日本においてインド映画では異例の興行収入10億円を突破した大ヒット作『RRR』。主人公のラーマとビームは、どちらも実在の人物で、インド独立運動の革命家だ。実際にふたりが出会った事実はないけれど、ふたりとも20歳すぎに故郷を出たあとに「空白の2〜3年」があったそう。もしもその時代にふたりが出会っていたら?というラージャマウリ監督の妄想から、この物語は誕生した。
実は監督がその妄想をするきっかけになったのがタランティーノ監督の『イングロリアス・バスターズ』。「もしもヒトラーが自殺ではなく殺されていたら?」という歴史のifを描いたこの作品を観て、歴史的事実にこだわらなくても、フィクションならではのおもしろい物語を作れることに気づいたと、監督は語っている。
歴史改変要素と、インドで語り継がれる叙事詩の物語を掛け合わせることで、新たな物語を生み出しているんだ。
②インド映画十八番のダンスで西洋主義へ怒りの一撃!
インド映画といえば、やっぱりダンスだよね。物語の3分の1以上は踊っていると言われているほど、インド映画でダンスシーンは欠かせない存在だ。『RRR』では比較的ダンスシーンは少ないが、その分凄まじいインパクトを与えている場面がある。
それがビームとラーマが「ナートュ」というダンスを踊るシーン。ある日イギリス人たちが主催する社交パーティーに招待されたビーム。しかし、社交ダンスをうまく踊れなかったビームは、イギリス人たちに「褐色の虫けらに、芸術のなんたるかがわかるのか!」と馬鹿にされてしまう。怒ったビームがイギリス人たちを見返すために、ラーマと共に踊り始めたのがインド音楽のビートを乗せた「ナートゥ」というダンスだ。
凄まじい足さばきでキレッキレのダンスを息ぴったりに踊るビームとラーマにつられ、優雅な社交パーティーの会場は、誰が最後まで生き残るかの超絶ダンスバトルへと姿を変える。フォーマルな衣装に身をつつんだイギリス人たちも、砂埃を舞い上がらせて無我夢中でダンスを踊ることに。
イギリス貴族だらけのアウェイな会場が、一瞬にしてインドダンスの狂乱に飲み込まれていくシーンはまさに圧巻。ちなみにダンス名である「ナートゥ」はインド古来の言葉テルグ語で「その土地由来の」という意味。イギリスという大帝国への抵抗として、インドらしさを爆発させるシーンは、まさにこの映画を象徴しているんだ。
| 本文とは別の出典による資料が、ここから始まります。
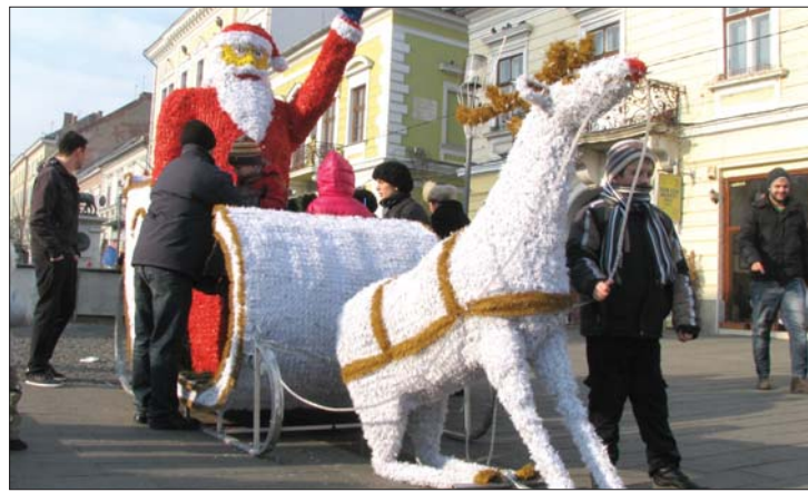
Műmikulás műrénszarvassal Kolozsvár központjában

▶ Az önkormányzatok központi ünnepségekkel köszöntötték tegnap a Mikulást, a szülők és a pedagógusok szerény kiadások-
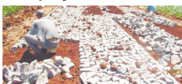
Pedra irregular na estrada da Gleba XV

A constante adequação da malha viária tem como objetivo atender aos produtores rurais, os avicultores e o transporte dos alunos.
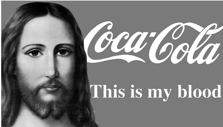
Alexander Kosolapov: „This is my blood“

davon „abgehoben“. Hier liegt ihre besondere Kraft jenseits des leeren Signifikanten auf T-Shirts, Werbeplakaten und Warnschildern. Diese Kraft wird ausgedehnt auf soziale Räume, in denen sie strukturierend und positionierend innerhalb der Gegenwartskultur wirken. Die Konstituierung von Differenzen ist beispielsweise ein Treibstoff der Mode oder der Milieus. So kann ein Kreuz am Revers auf eine besondere soziale Disziplinierung hinweisen und beschreibt gleichzeitig doch auch die eigene Position als öffentlich und religiös. Manche tragen den Lutherkragen als Selbststilisierung, materialgewordene Identitätsstabilisierung oder als Markierung einer sozialen Grenze.
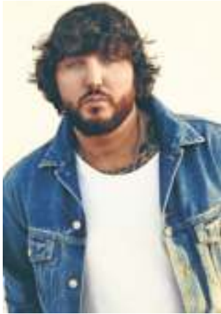
James Arthur verteilt in seinen Songs eine extragroße Portion an Emotionen.

James Arthurs Karriere begann im Jahr 2012. Damals 24 Jahre alt und arbeitslos, tritt er schüchtern vor die Jury der britischen TV-Casting-Show „X-Factor“. Dieser Moment sollte sein Leben für immer verändern! James Arthur setzte sich gegen alle Kontrahenten durch und gewann die Show. Im Finale performte er den Song „Impossible“ von Shontelle. Dieser Song sollte ein Jahr später auch für seinen internationalen Durchbruch sorgen.

多言語、多宗教を抱える国のインドでは、みんなが楽しめるダンスシーンは重要な存在でもある。インドの映画館では観客が一緒になって踊るのも当たり前。カタルシスも兼ね添えたこのシーンを観れば、一緒に踊りたくなること間違いなしだ。
③地元をレペゼンする男たちの熱いブロマンス
家族と同じくらい出身地と友達を大切にするビームとラーマ。彼らはそれぞれの村のリーダーで、ビームの使命はイギリス政府にさらわれた村の娘を奪還すること、そしてラーマの使命はイギリス政府の警官となり、独立闘争に必要な武器を集め秘密裏に村へ送ることだった。ひょんなことから、ふたりはお互いの素性を知らずに出会い意気投合。唯一無二の友情を育んでいき、友達以上の強い絆で結ばれていった。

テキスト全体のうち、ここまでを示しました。